The owners of an Essex County-based school bus company whose driver OD'd and crashed with 12 special-needs kids on board hired criminals and drug addicts, put unsafe vehicles on the road and tried to cover it all up, state authorities charged.

School bus

School bus

Photo Credit: Joshua Buesser/Googlemaps

Ahmed Mahgoub, 62, and his wife, Faiza Ibrahim, 47, both of East Hanover, knowingly hired drivers for F&A Transportation who “did not hold valid commercial driver’s licenses or required license endorsements, as well as drivers who had criminal histories or were using illegal drugs,” Attorney General Gurbir S. Grewal said.

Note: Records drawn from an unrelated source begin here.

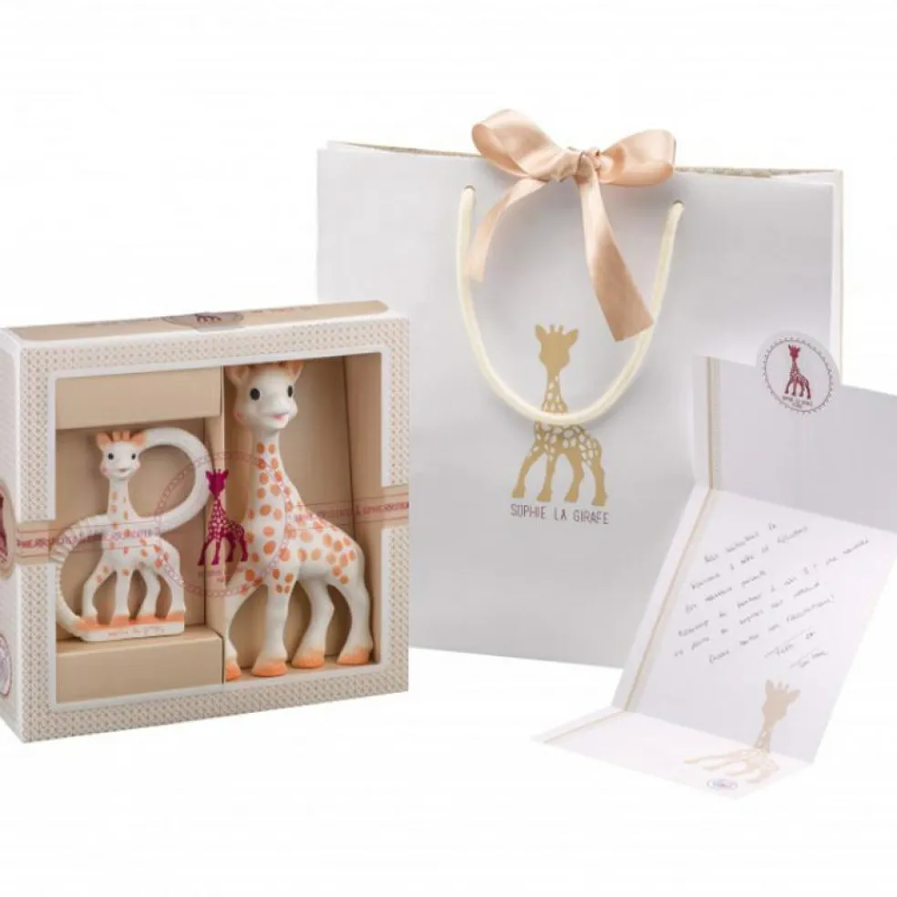 – Comprend 1 hochet Sophie la girafe, 1 anneau de dentition, 1 carte message à personnaliser et 1 sac cadeau.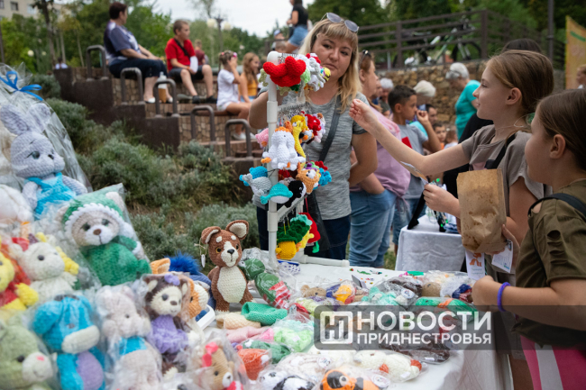 Само мероприятие было разделено на три части. Основная концертная программа – на первом ярусе сквера. На втором уровне расположились мастер-классы по декоративно-прикладному творчеству. А для детей и их родителей, увлечённых спортом, был отведён третий уровень со спортивной площадкой.
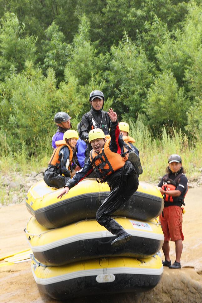 途中、水の緩やかなところで水かけ合戦が始まります。オールを使っての水かけ合戦は結構、マジになりますよ~・・。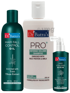 Dr Batra's Combo Pack of Hair Vitalizing Serum 125ml, Hair Fall Control Oil 200ml and Pro+ Intense Volume Shampoo 200ml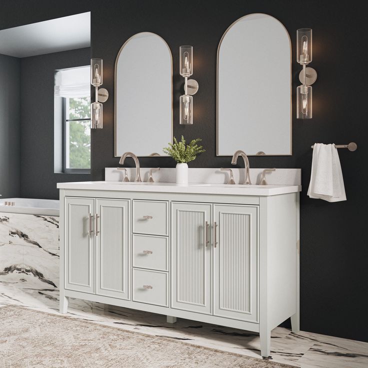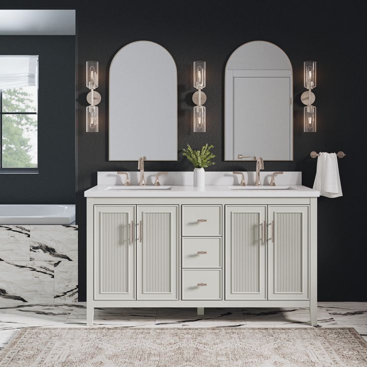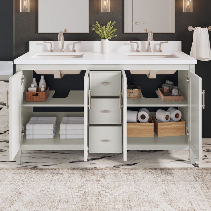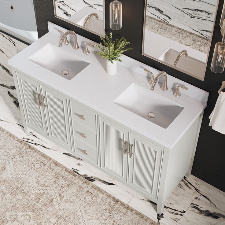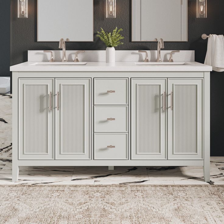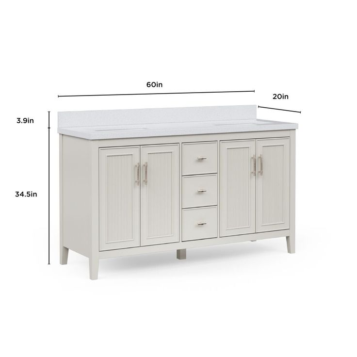 Discover the modern elegance of the Style Selections Alaia 60-in Muse Gray Undermount Double Sink Bathroom Vanity. This luxurious piece features a sleek Muse Gray finish and a spacious White Engineered Stone Top with two undermount sinks. Elevate your bathroom with both style and functionality.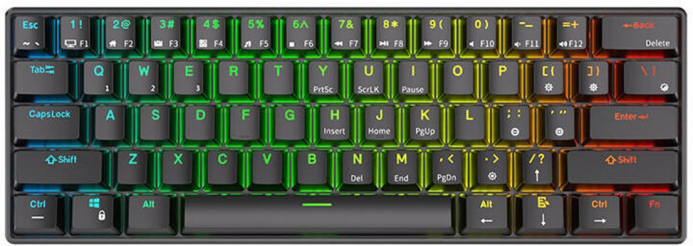 Klávesnice Royal Kludge RK61 dokonale zapadne do vaší herní sestavy! Je vybavena barevným RGB podsvícením se 14 různými režimy osvětlení. Díky tomu si ji můžete přizpůsobit podle svých preferencí a vytvořit tak jedinečné světelné efekty při práci nebo hraní her. Díky svému kompaktnímu provedení se vejde na každý stůl, takže vám zbude více prostoru pro vaše projekty.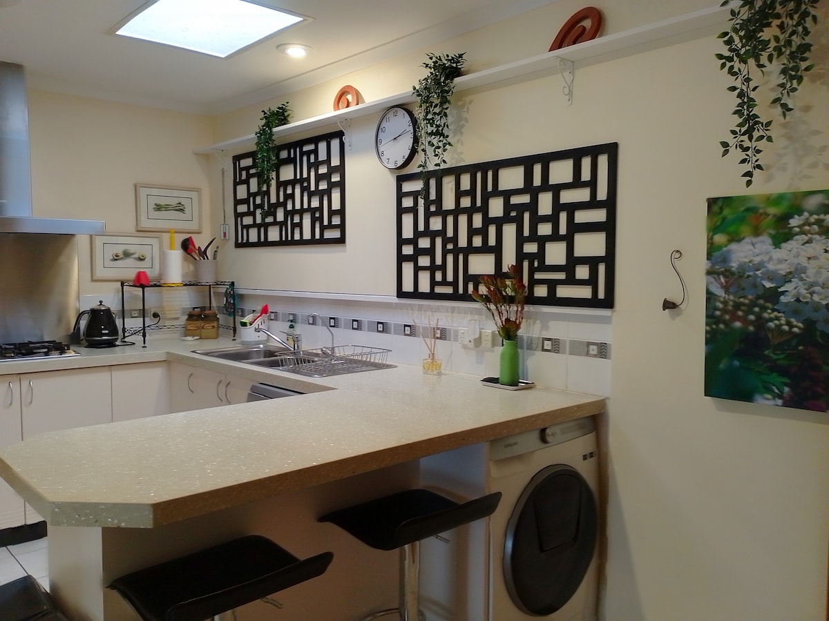 Recently built light filled unit with Smart TV with Netflix and well equipped kitchen including DishDrawer dishwasher. All hours check in with key safe. Street facing front entrance and sliding doors at the rear which open onto a timber deck for your personal use. Short walk to Southlands Shopping Centre which includes great restaurants and Asian and Middle Eastern specialty food shops.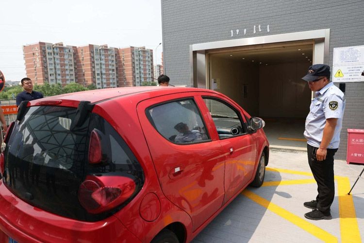 演练模拟汽车升降机断电致小汽车及车内人员被困,厂家技术人员与消防指战员联合救援,通过一系列程序成功解救被困人员。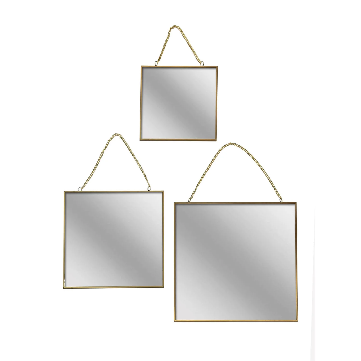 Set of 3 square mirrors framed in brass. Completed with fine golden chains and loops for hanging. Hang them together or separately for a custom look in any living, dining or bedroom.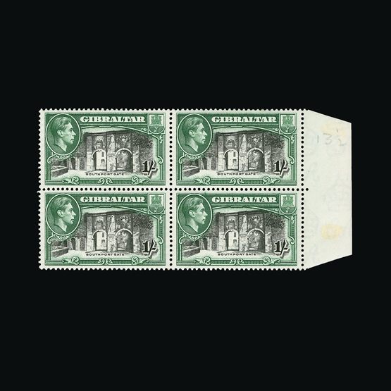 | 7959 | Gibraltar | | 127a | 1938-51 perf 13½ 1s, marginal block of 4, fine and fresh, l.m.m. Cat £300 | £120 |  |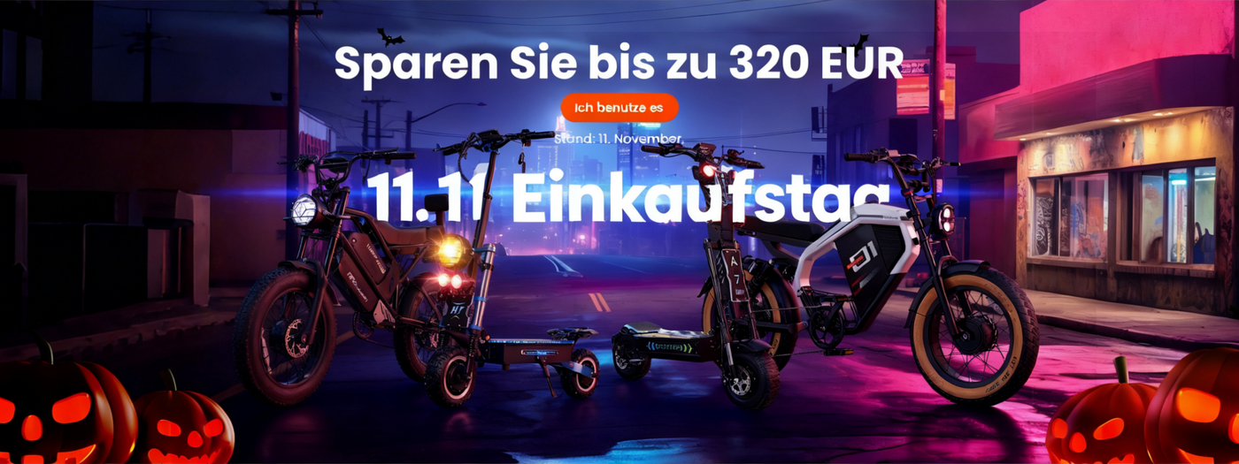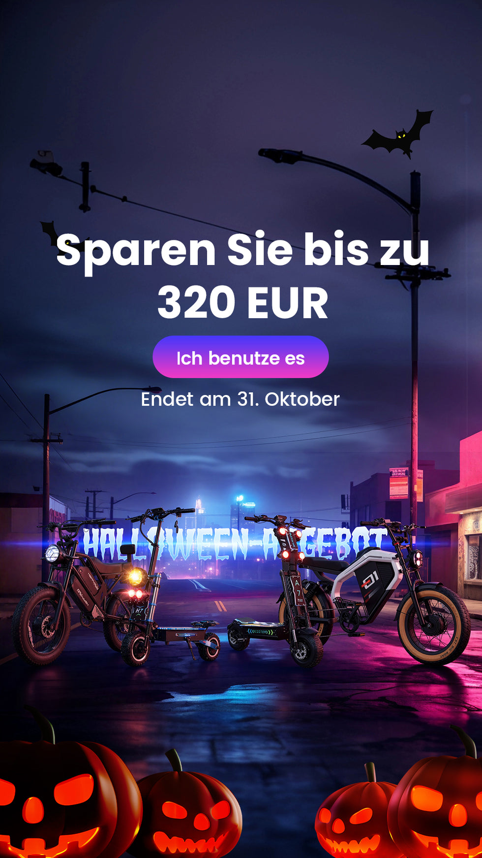 20 km/h (begrenzt) | Reichweite 40-55 km | 120 kg Tragkraft | Scheibenbremsen vorn und hinten

The couple doctored vehicle inspection forms and lied to school districts in Passaic, Morris and Union counties “to cover up the fact that the company hired unqualified drivers, failed to conduct mandatory drug testing and criminal background checks for drivers and aides, and operated unsafe buses,” Grewal added.

They also told drivers to evade MVC inspections at school sites and at times had aides drive the school buses, the attorney general said.

By doing so, the couple protected roughly $3.5 million in contracts with those districts, he said.

In an incident that made headlines last year, one of their drivers used heroin in the F&A parking lot in East Orange before overdosing and crashing a bus into the wall of a building at 14th Avenue and Jones Street in Newark with 12 special-needs children aboard.

Responding police officers used Narcan to revive her.

State authorities on Thursday charged Mahgoub and Ibrahim with conspiracy, false representation for a government contract, theft by deception, tampering with public records and corporate misconduct following an investigation by Grewal’s Office of Public Integrity and Accountability and the New Jersey State Police Official Corruption Bureau.

“This is the second time in four months that we have filed serious criminal charges against a school bus company and its operators for allegedly putting children in jeopardy by hiring unqualified drivers, using unsafe buses, and falsifying records to cover up their conduct,” Grewal said.

“No parent should have to worry about the condition of their child’s school bus or question whether their child’s bus driver might be a felon or someone under the influence of drugs or alcohol,” he added. “No child should ever be put in danger that way.”